Now, we’re preparing to share the second project born out of our Community Storytelling initiative: Over Punitive, a Louisiana Community Storytelling film created alongside Vera Louisiana, The Promise of Justice Initiative, Louisiana Parole Project, Second Look Alliance, The First 72+, and Voice of the Experienced (VOTE).
Louisiana is known around the world for its music, culture, and spirit. But it has also long been defined by one of the highest incarceration rates in the nation and, at times, the world. Over Punitive explores that contradiction by examining the human cost of extreme sentencing and a legal system that has too often treated punishment as the default response to harm. Through the stories of Ronald Marshall, Susie Ann Marshall-Tarleton, Sandra Starr, Brett Malone, and Don Allison, the film invites audiences to question what punishment actually delivers — and what real safety might require instead.
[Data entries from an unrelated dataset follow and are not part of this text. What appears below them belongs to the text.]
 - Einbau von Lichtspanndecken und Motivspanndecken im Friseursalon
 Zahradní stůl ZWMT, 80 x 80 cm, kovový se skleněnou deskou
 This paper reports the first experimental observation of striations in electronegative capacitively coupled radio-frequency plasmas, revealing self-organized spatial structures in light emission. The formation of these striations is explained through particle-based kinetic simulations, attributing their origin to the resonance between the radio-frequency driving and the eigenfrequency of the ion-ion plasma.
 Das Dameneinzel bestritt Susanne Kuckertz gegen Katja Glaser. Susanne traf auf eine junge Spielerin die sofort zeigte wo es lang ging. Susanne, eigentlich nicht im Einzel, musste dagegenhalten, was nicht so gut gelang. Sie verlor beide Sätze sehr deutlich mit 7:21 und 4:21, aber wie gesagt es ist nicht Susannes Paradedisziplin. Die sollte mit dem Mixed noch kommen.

Like our Los Angeles Community Storytelling project, this work was built in partnership with organizers and advocates deeply embedded in their communities. Too often, stories about system-impacted people are extracted, shaped from the outside, and circulated without building lasting power for the people most affected. Our Community Storytelling was designed to produce pieces that reverse that dynamic by placing narrative tools in the hands of those already doing the work on the ground. In both Los Angeles and Louisiana, our partners have helped shape not only the films themselves, but the questions, strategy, and vision behind them.
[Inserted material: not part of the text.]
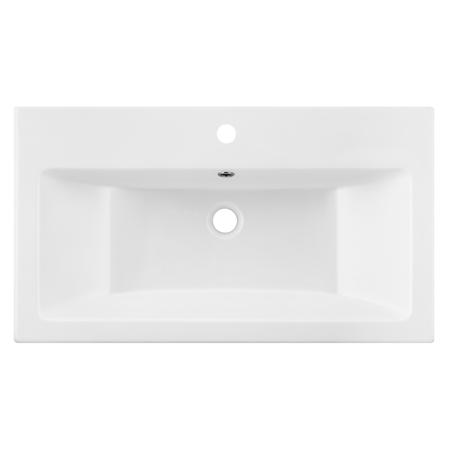 Біла раковина прямокутної форми із чіткими обрисами пасуватиме до інтер’єру в стилі хай-тек, лофт або сучасна класика.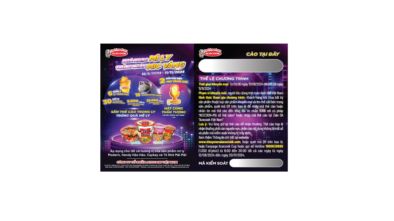 Công ty Cổ phần Acecook Việt Nam sẽ tiến hành đặt thẻ cào đã được để trong bao nhựa trong suốt và ngẫu nhiên đặt vào bên trong ly hoặc tô sản phẩm khuyến mại dưới sự chứng kiến của đại diện Sở Công Thương tại địa phương (nếu có), và sau đó phân bố số sản phẩm khuyến mại trên toàn quốc từ ngày 12/08/2024.

Over Punitive challenges the assumption that harsher punishment creates safer communities. It asks whether severity has been mistaken for safety, and whether investment in prisons has come at the expense of healing, accountability, education, and the conditions people actually need to thrive. It points toward another vision — one rooted in dignity, reconciliation, restorative justice, and second chances.
We’re honored to be releasing Over Punitive with partners whose work is already advancing sentencing reform, restorative justice, rehabilitation, and second chances across Louisiana. We hope audiences will engage with the film, share it with their communities, and use it as an opening to ask harder questions about punishment, safety, and what justice should look like.